I raise this point, I begin with this point because in many countries there is a deep ambivalence about military action today, no matter what the cause. And at times, this is joined by a reflexive suspicion of America, the world's sole military superpower.

But the world must remember that it was not simply international institutions -- not just treaties and declarations -- that brought stability to a post-World War II world. Whatever mistakes we have made, the plain fact is this: The United States of America has helped underwrite global security for more than six decades with the blood of our citizens and the strength of our arms. The service and sacrifice of our men and women in uniform has promoted peace and prosperity from Germany to Korea, and enabled democracy to take hold in places like the Balkans. We have borne this burden not because we seek to impose our will. We have done so out of enlightened self-interest -- because we seek a better future for our children and grandchildren, and we believe that their lives will be better if others' children and grandchildren can live in freedom and prosperity.

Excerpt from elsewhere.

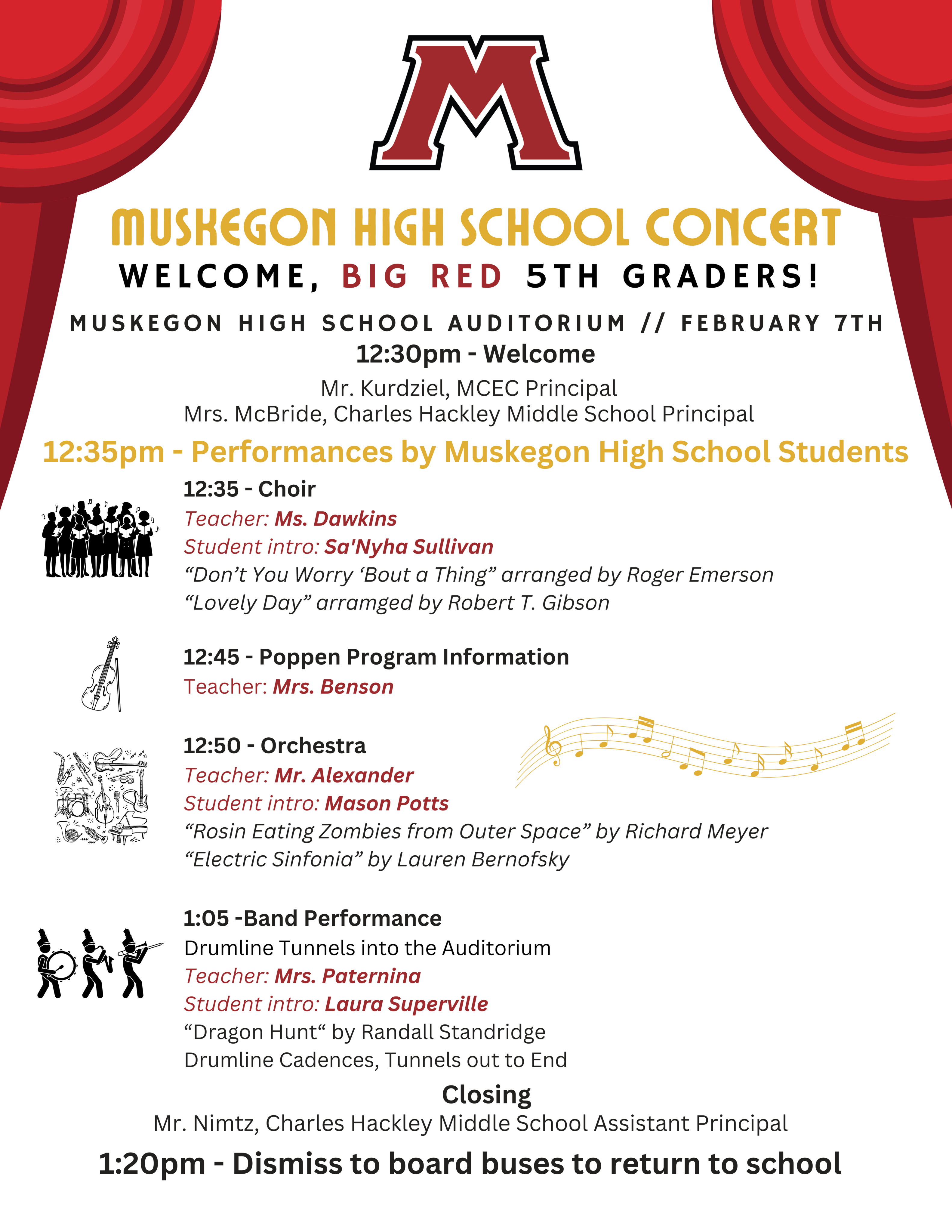 The Big Red Ed Fund paid for bussing so all MPS 5th graders could attend an MHS student concert including Choir, Orchestra and Band. The purpose of this event is to get 5th graders excited about choosing to play an instrument or to join choir as electives for their middle school experience and beyond.

So yes, the instruments of war do have a role to play in preserving the peace. And yet this truth must coexist with another -- that no matter how justified, war promises human tragedy. The soldier's courage and sacrifice is full of glory, expressing devotion to country, to cause, to comrades in arms. But war itself is never glorious, and we must never trumpet it as such."

....

"This brings me to a second point -- the nature of the peace that we seek. For peace is not merely the absence of visible conflict. Only a just peace based on the inherent rights and dignity of every individual can truly be lasting.

It was this insight that drove drafters of the Universal Declaration of Human Rights after the Second World War. In the wake of devastation, they recognized that if human rights are not protected, peace is a hollow promise.

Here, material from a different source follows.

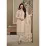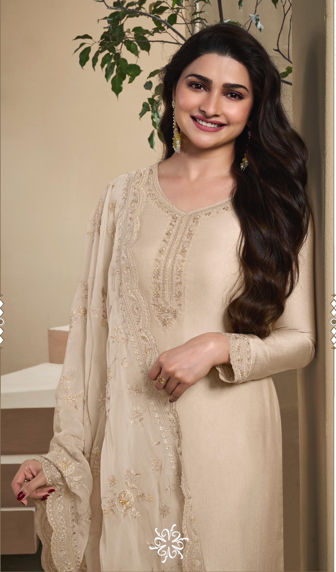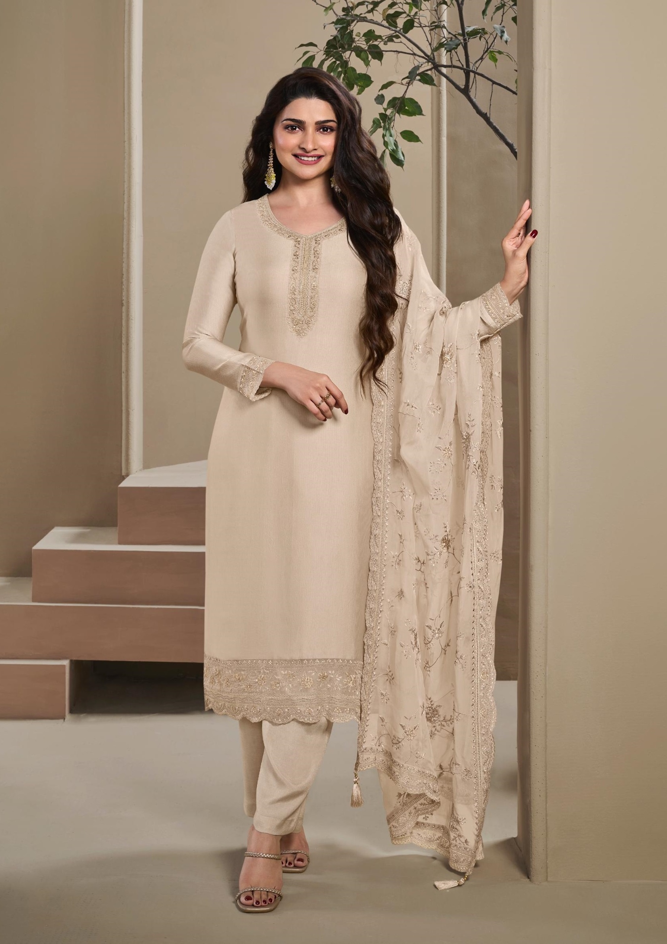Beige Heavy Natural Crepe Semi Stitched Suit with Embroidery & Zarkhan Work

And yet too often, these words are ignored. For some countries, the failure to uphold human rights is excused by the false suggestion that these are somehow Western principles, foreign to local cultures or stages of a nation's development. And within America, there has long been a tension between those who describe themselves as realists or idealists -- a tension that suggests a stark choice between the narrow pursuit of interests or an endless campaign to impose our values around the world.

I reject these choices. I believe that peace is unstable where citizens are denied the right to speak freely or worship as they please; choose their own leaders or assemble without fear. Pent-up grievances fester, and the suppression of tribal and religious identity can lead to violence. We also know that the opposite is true. Only when Europe became free did it finally find peace. America has never fought a war against a democracy, and our closest friends are governments that protect the rights of their citizens. No matter how callously defined, neither America's interests -- nor the world's -- are served by the denial of human aspirations.

So even as we respect the unique culture and traditions of different countries, America will always be a voice for those aspirations that are universal. We will bear witness to the quiet dignity of reformers like Aung Sang Suu Kyi; to the bravery of Zimbabweans who cast their ballots in the face of beatings; to the hundreds of thousands who have marched silently through the streets of Iran. It is telling that the leaders of these governments fear the aspirations of their own people more than the power of any other nation. And it is the responsibility of all free people and free nations to make clear that these movements -- these movements of hope and history -- they have us on their side."

...

"The non-violence practiced by men like Gandhi and King may not have been practical or possible in every circumstance, but the love that they preached -- their fundamental faith in human progress -- that must always be the North Star that guides us on our journey."